Task inputs:
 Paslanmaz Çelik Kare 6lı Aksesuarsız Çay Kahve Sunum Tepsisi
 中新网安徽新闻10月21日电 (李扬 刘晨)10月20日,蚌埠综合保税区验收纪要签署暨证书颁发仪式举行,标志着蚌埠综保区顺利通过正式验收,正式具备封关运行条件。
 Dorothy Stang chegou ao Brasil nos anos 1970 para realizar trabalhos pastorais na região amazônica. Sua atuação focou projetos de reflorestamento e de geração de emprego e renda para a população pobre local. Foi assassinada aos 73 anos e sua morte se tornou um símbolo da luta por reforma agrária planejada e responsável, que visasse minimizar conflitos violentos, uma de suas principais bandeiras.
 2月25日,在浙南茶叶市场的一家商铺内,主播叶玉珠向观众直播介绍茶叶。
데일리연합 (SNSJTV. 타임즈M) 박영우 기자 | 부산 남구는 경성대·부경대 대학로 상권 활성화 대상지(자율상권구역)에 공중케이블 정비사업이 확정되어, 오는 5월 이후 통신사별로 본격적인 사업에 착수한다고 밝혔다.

--

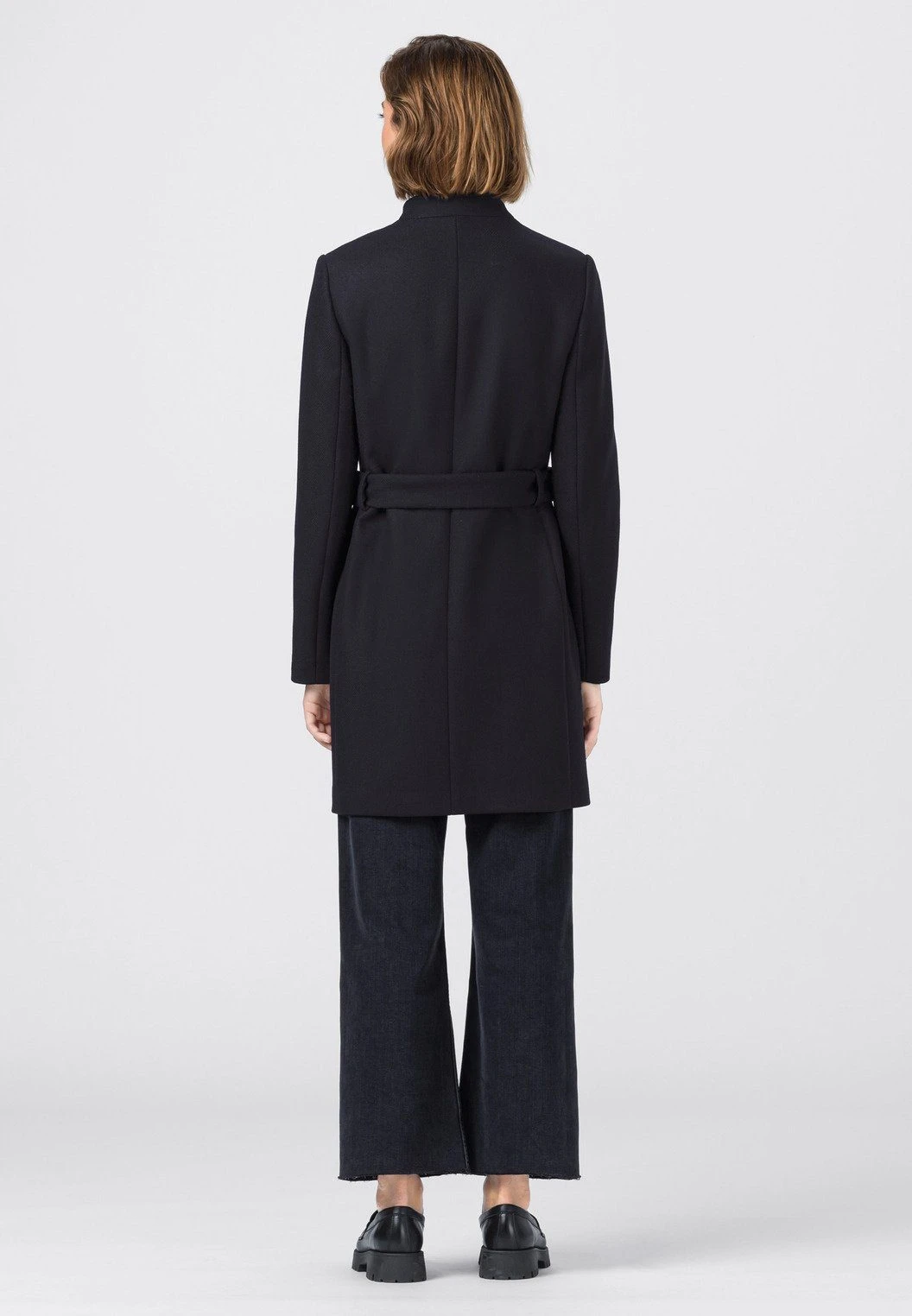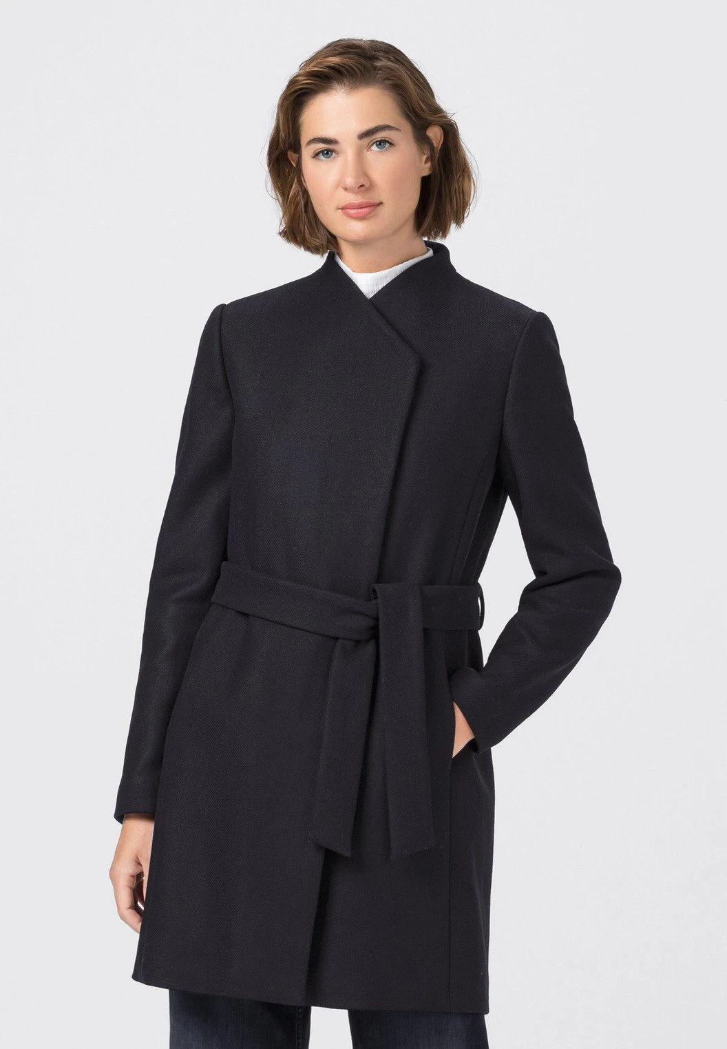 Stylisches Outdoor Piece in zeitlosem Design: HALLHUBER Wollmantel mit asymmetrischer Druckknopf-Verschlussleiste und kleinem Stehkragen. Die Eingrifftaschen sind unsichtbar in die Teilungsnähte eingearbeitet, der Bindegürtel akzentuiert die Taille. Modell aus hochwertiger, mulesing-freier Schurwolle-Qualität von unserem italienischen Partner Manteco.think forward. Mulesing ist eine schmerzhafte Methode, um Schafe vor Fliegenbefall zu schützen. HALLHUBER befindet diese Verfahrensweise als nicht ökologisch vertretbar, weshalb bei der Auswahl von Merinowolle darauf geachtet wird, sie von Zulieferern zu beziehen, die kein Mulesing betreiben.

---

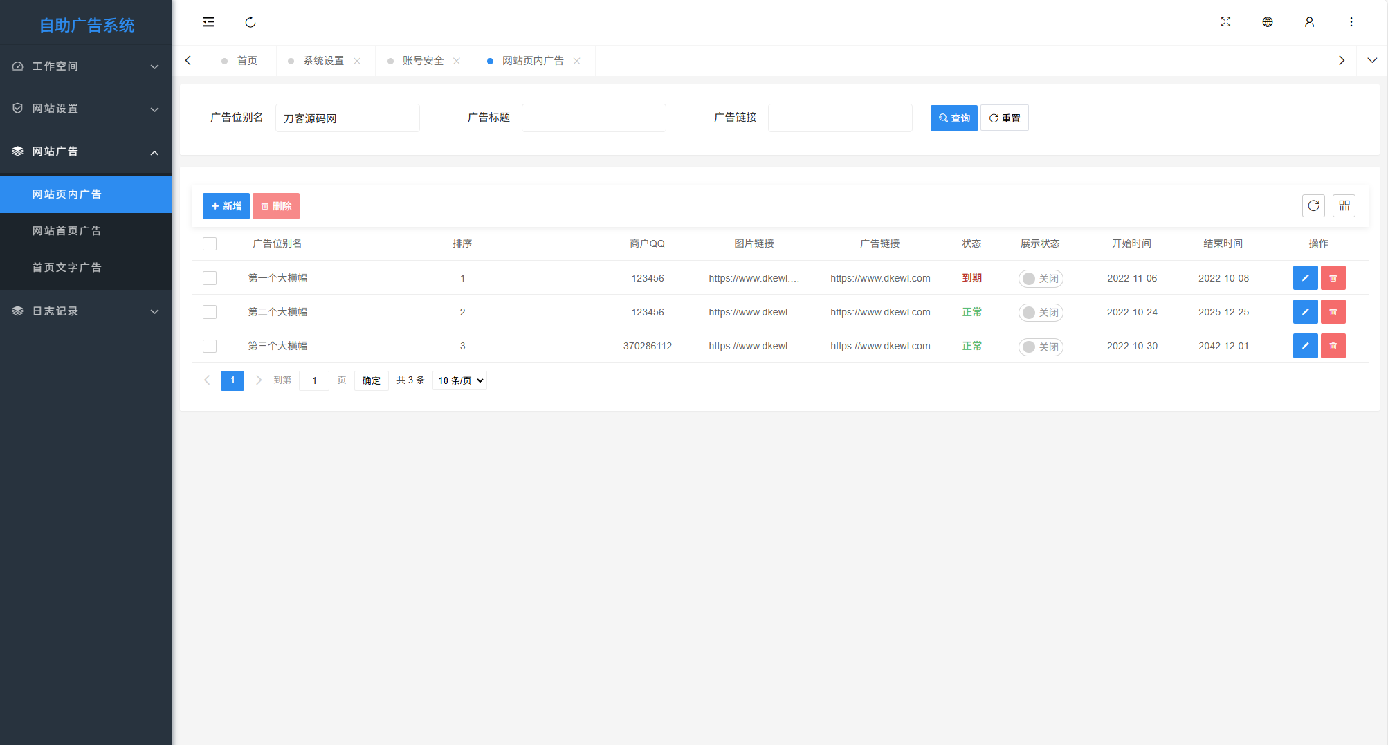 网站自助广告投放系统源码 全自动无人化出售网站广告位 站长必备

Required work: Everything from the line with "Dorothy Stang chegou" through the line with "데일리연합 (SNSJTV. 타임즈M)" in the listing above must be retyped exactly, with nothing added.

Written solution:
 Dorothy Stang chegou ao Brasil nos anos 1970 para realizar trabalhos pastorais na região amazônica. Sua atuação focou projetos de reflorestamento e de geração de emprego e renda para a população pobre local. Foi assassinada aos 73 anos e sua morte se tornou um símbolo da luta por reforma agrária planejada e responsável, que visasse minimizar conflitos violentos, uma de suas principais bandeiras.
 2月25日,在浙南茶叶市场的一家商铺内,主播叶玉珠向观众直播介绍茶叶。
데일리연합 (SNSJTV. 타임즈M) 박영우 기자 | 부산 남구는 경성대·부경대 대학로 상권 활성화 대상지(자율상권구역)에 공중케이블 정비사업이 확정되어, 오는 5월 이후 통신사별로 본격적인 사업에 착수한다고 밝혔다.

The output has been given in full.